EISAI TO PRESENT LATEST DATA ON FYCOMPA

Eisai Co., Ltd announced that the latest data on its in-house developed AMPA receptor antagonist Fycompa® (perampanel hydrate, “perampanel”) will be presented at the 69th American Epilepsy Society (AES) Annual Meeting to be held from December 4 to 8 in Philadelphia in the United States.

For this year's AES meeting, poster presentations will be given on 22 abstracts with highlights including additional and pooled analyses on the results of global Phase III clinical studies on primary generalized tonic-clonic (PGTC) seizures in patients with generalized epilepsy (Study 332) and on partial-onset epilepsy (Study 304, Study 305, Study 306), as well as the results of a Phase III clinical study on partial-onset epilepsy conducted in Asia including Japan. Furthermore, the overall results of Study 332, Study 304 and Study 306 were published in the major scientific journal Neurology, while the overall results of Study 305 were published in the specialist epilepsy journal Epilepsia.

Perampanel is a first-in-class antiepileptic drug (AED) discovered and developed by Eisai. With epileptic seizures being primarily mediated by the neurotransmitter glutamate, the agent is a highly selective, noncompetitive AMPA receptor antagonist that reduces neuronal hyperexcitation associated with seizures by targeting glutamate activity at postsynaptic AMPA receptors.

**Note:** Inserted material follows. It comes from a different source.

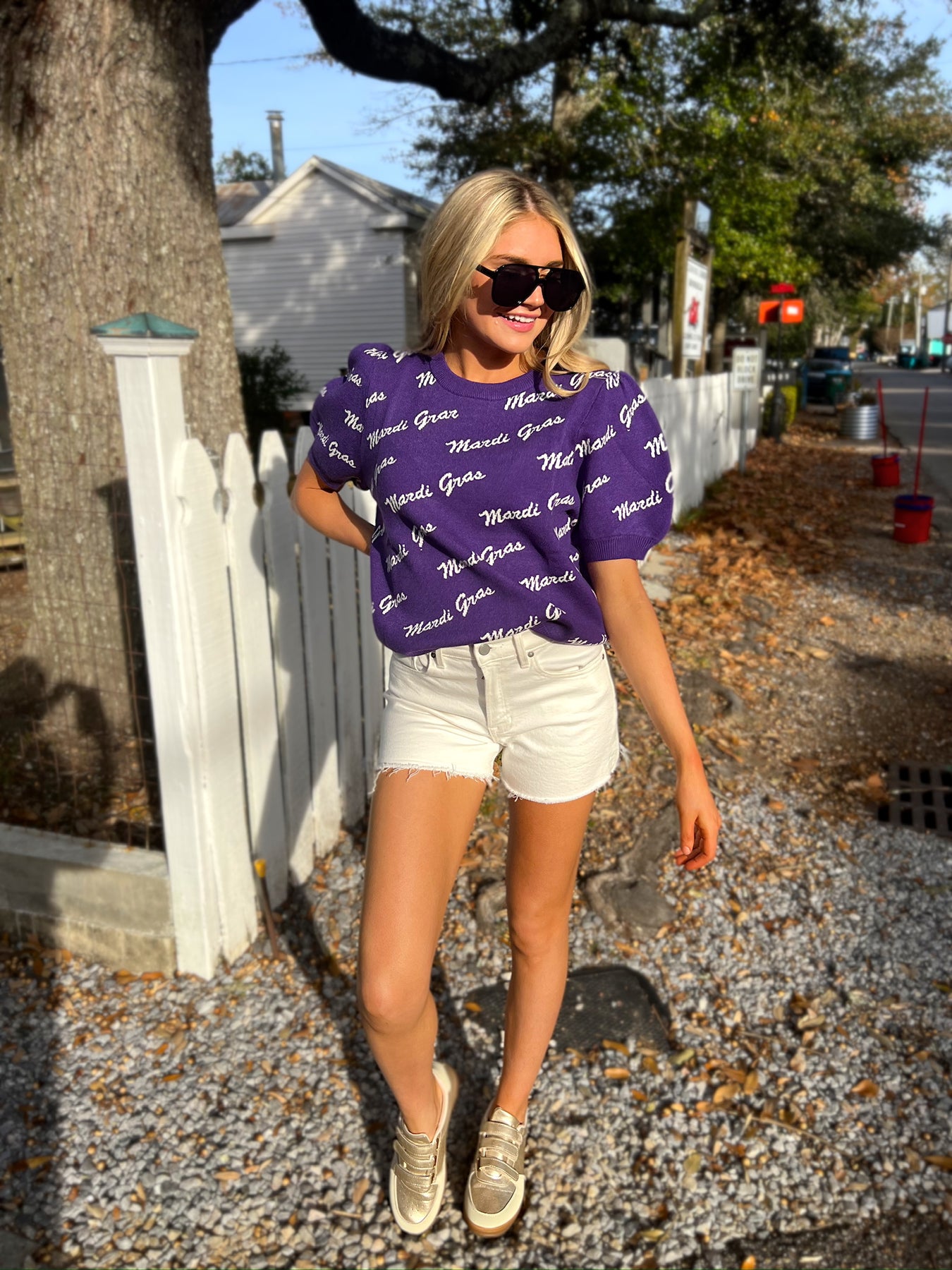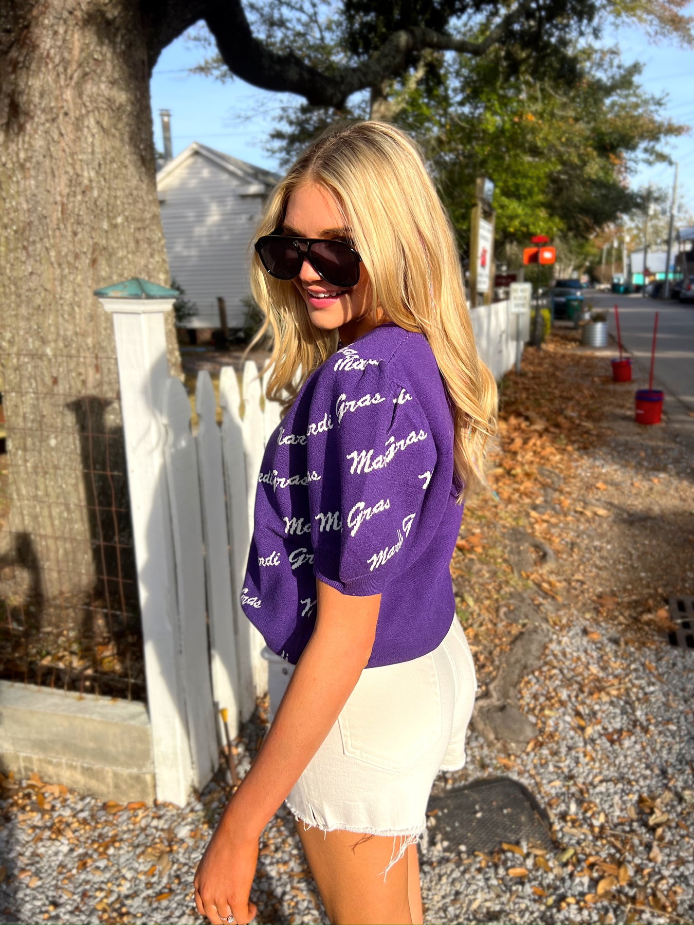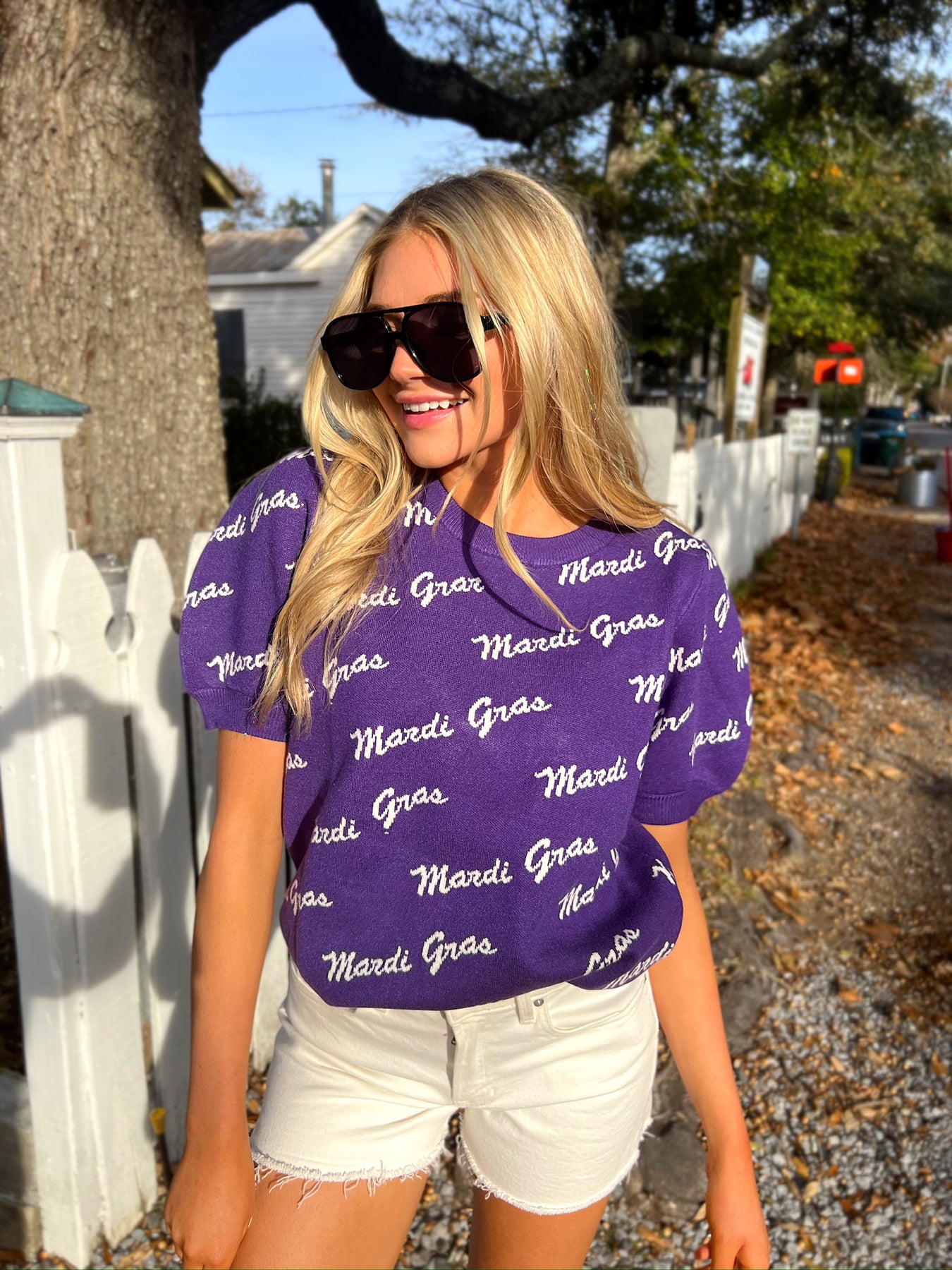 This top features round neckline, short puffy sleeves, and "Mardi Gras" in cursive font throughout.

Results of PHASE III TRIAL OF ANTIEPILEPTIC DRUG PERAMPANEL

Eisai Co., Ltd announced today that an oral presentation highlighting results from a Phase III clinical study (Study 335) of its in-house developed antiepileptic drug (AED) perampanel hydrate (global product name: Fycompa®) in patients with refractory partial-onset seizures conducted in Asia, including Japan, was given at the 49th Congress of the Japan Epilepsy Society held from October 30 to 31 in Nagasaki, Japan. In the study, perampanel demonstrated a significantly higher reduction in seizure frequency compared to placebo.
In Japan, new drug applications were submitted in July 2015 seeking the approval of perampanel as an adjunctive therapy for partial-onset and generalized tonic-clonic seizures based on the results of Study 335 and other studies.
Study 335 was a Phase III clinical study conducted in Asia, including Japan, to evaluate the efficacy and safety of adjunctive perampanel therapy in 710 patients aged 12 years and older with refractory partial-onset seizures. In this study, eligible patients receiving one to a maximum of three AEDs were randomized to receive perampanel (4 mg, 8 mg or 12 mg) or placebo. 

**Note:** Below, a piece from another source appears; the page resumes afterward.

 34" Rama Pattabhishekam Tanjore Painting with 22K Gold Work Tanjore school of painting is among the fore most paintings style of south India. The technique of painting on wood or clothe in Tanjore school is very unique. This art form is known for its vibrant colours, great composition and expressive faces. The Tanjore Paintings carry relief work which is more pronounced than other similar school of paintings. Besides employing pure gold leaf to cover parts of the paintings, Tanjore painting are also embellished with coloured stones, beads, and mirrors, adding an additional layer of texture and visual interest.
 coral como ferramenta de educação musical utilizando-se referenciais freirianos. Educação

In the study's primary endpoint of percent change in seizure frequency (per 28 days in the randomization phase relative to the pre-randomization phase), the percent change in the placebo group was -10.8% while in the perampanel (4 mg, 8 mg, 12 mg) groups it was -17.3%, -29.0% and -38.0%, respectively. The difference between perampanel and placebo was statistically significant for the perampanel 8 and 12 mg groups (p=0.0003 for 8 mg, p<0.0001 for 12 mg). 

Furthermore, in the study's secondary endpoint of percent change in seizure frequency of secondarily generalized seizures, the percent change in the placebo group was -12.1% while in the perampanel (4 mg, 8 mg, 12 mg) groups it was -17.9%, -45.0% and -52.5%, respectively, demonstrating that perampanel, depending on dosage, reduces seizure frequency in secondarily generalized seizures as well, especially the 12 mg group which showed over a 50% reduction in seizure frequency.

The most common adverse events (>10% in the perampanel groups) observed in the study were dizziness, somnolence and nasopharyngitis.